Thanks to satellite monitoring, scientists are able to see storms play out, a capability that will help them understand how storms might be changing. Below, see the paths 2018's worst storms took toward devastation (learn about the strongest storms in history).

North Atlantic

One of the wettest storms on record, Hurricane Florence developed in mid-September and made landfall over the Carolinas on September 14. Florence had slowed to just a Category 1 by the time it hit, but it carried with it intense amounts of water that led to disastrous rainfall. The storm, which developed off the coast of west Africa, was warm, meaning it carried more moisture than cooler storms. As it stalled over the south east U.S. coast, more than 30 inches of rain fell in some regions. At the height of the storm's impact, more than a million people were without power. Resulting from the storm's onset and lingering impact, 48 people died and damages topped $60 billion.

A home is flooded by Thoroughfare Swamp in Goldsboro after several days of heavy rain from Florence overwhelmed rivers which feed into the Neuse River.
A home is flooded by Thoroughfare Swamp in Goldsboro after several days of heavy rain from Florence overwhelmed rivers which feed into the Neuse River.
Photograph by Greg Kahn, National Geographic

Hurricane Michael hit the Florida panhandle as a deadly Category 4 storm.
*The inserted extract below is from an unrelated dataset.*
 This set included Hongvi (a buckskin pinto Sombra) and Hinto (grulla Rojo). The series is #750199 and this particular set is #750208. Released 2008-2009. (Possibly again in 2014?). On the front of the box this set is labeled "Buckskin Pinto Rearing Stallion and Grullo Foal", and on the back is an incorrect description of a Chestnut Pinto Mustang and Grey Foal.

It was one of the strongest to strike Florida in a century and the third strongest storm to hit the U.S. Wind speeds were as high as 155 miles per hour in Florida and Georgia. As the storm headed west over the Caribbean, it initially slowed down, but the warmer-than-average ocean water temperatures in the Gulf of Mexico fueled Michael, making it stronger. A week after the storm hit, 34 people had died, and more than 1,000 were missing. Officials noted it could be months before the missing were completely accounted for, but damages are estimated to total $30 billion.
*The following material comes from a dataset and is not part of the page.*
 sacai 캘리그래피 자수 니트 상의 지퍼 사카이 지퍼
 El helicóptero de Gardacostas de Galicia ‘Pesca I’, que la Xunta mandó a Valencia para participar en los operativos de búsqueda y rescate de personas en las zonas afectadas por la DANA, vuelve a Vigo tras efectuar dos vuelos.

Waves crash against a road in Havana, Cuba on Tuesday. In only three days, Michael intensified from a tropical storm to a category 4 hurricane. (See more photos.)
Waves crash against a road in Havana, Cuba on Tuesday. In only three days, Michael intensified from a tropical storm to a category 4 hurricane. (See more photos.)
Photograph by Ramon Espinosa, AP

Slowing of the Storms

One of the most dangerous things a hurricane can do is slow down. Meteorologists warn that the Saffir-Simpson scale, the rankings classifying hurricanes on a scale of one to five, isn't the best indication of how dangerous a hurricane could be to the residents living in its path. As seen with Hurricane Florence, slow-moving hurricanes can stall over land, ushering in devastating flooding that can last for days.
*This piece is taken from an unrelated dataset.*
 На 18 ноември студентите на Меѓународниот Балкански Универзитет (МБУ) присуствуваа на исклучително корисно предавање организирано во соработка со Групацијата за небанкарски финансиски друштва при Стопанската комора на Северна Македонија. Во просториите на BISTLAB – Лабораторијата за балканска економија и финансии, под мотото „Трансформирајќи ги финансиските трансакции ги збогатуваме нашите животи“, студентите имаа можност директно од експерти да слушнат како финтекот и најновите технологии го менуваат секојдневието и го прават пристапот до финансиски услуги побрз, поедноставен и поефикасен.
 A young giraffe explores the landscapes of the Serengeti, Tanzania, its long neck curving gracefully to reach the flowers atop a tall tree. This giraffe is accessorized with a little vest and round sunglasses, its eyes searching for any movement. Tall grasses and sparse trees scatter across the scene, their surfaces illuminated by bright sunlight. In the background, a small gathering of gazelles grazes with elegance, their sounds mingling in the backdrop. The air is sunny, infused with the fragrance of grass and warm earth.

A study published this summer in the journal Nature found that, on average, hurricanes have slowed by 10 percent since 1949. Those moving in the North Atlantic ocean had slowed by 20 percent. It's thought that a warmer atmosphere weakens tropical circulation, meaning hurricanes could become slower and rainier in the future as the world continues to warm.

Eastern Pacific

Hurricane Lane hit Hawaii in late August as a Category 5 storm. As Lane moved south east days before it hit Hawaii, it put the island chain in a tragically well-aligned position to ensure all islands would be hit. Hawaii is frequently grazed by dangerous tropical storms, but it's rare for it to be directly hit by a hurricane. On Hawaii's Big Island, some regions saw rainfall totals as high as 35 inches, and damage resulting from the storm is estimated to surpass $10 million.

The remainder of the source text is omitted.